The box plot is a kind of plot for which seaaborn is truly a game changer. It wraps up the most common configuration details into just one function: seaborn.boxplot. Check the seaborn.boxplot page in the oficial documentation.


The following cell generates a typical dataset that is supposed to be explained with boxplots.

X, y = sklearn.datasets.make_classification(
    n_samples=120, n_features=2, n_informative=2, n_redundant=0,
    n_classes=3, n_clusters_per_class=1, random_state=42
)
df = pd.DataFrame({
    "Value": X[:, 0],
    "Category": [f"C{i}" for i in y],
    "Subgroup": pd.cut(X[:, 1], bins=2, labels=["Low", "High"])
})

The following cell draws an ugly plot but, it shows the potential you can achieve with just one command.

sns.boxplot(
    data=df,
    x="Category",
    y="Value",
    hue="Subgroup",
    palette="Set2",
    width=0.2,
    fliersize=20,
    gap=8,
    linecolor="red"
)
plt.show()
../_images/1a2c3811b887788cddc64f81190a8fbf8b209eb040cce1f5595f084ad572bbcf.png

Fliers#

A really typicall issue when dealing with boxplots is poor representation of the general distribution due to a small number of ouliers that change the scale of the entire plot.

To prevent the representation of the fliers, use the showfliers=False argument.


The following cell generates a sample that generally follows some distribution, but there is a small number of fliers that ruin the scale representation the general distribution.

One close to the other are represented plots with removed fliers and not.

Show close to each other are represented plots with and without removed fliers.

sample = np.concatenate([
    np.random.normal(0, 1, size=500),
    np.random.normal(200, 10, size=10)
])
plt.subplot(121)
sns.boxplot(sample)
plt.subplot(122)
sns.boxplot(sample, showfliers=False)
plt.show()
../_images/741746355ba5d3d0e08a4f3e3a2cafaf42c13cfcc7f6edcf1409f80a2e4a75ed.png

Regression plot#

The sns.regplot function builds a scatter plot that also includes the linear model fitted to the given data.

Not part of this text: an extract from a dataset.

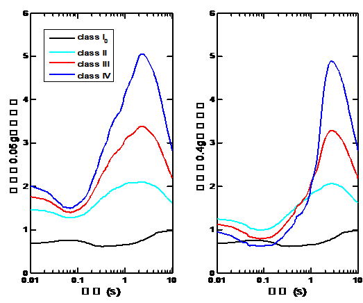 圖3 弱震動和強震動作用下場地影響調整系數(shù)(相對于中國I1類場地的地震動反應譜調整模型)

The next code builds a linear regression-like dataset and applies sns.regplot to it.

sample_size = 200
x = np.random.normal(0, 5, size=sample_size)
y = 0.3*x + np.random.normal(0, 1, size=sample_size)
sns.regplot(x=x, y=y)
plt.show()
../_images/0ef21e04249ef9e09235cc11647b170970faae3043006013120722d3c4a99555.png

Alongside the regular scatter plot, there is a corresponding linear regression model with confidence intervals.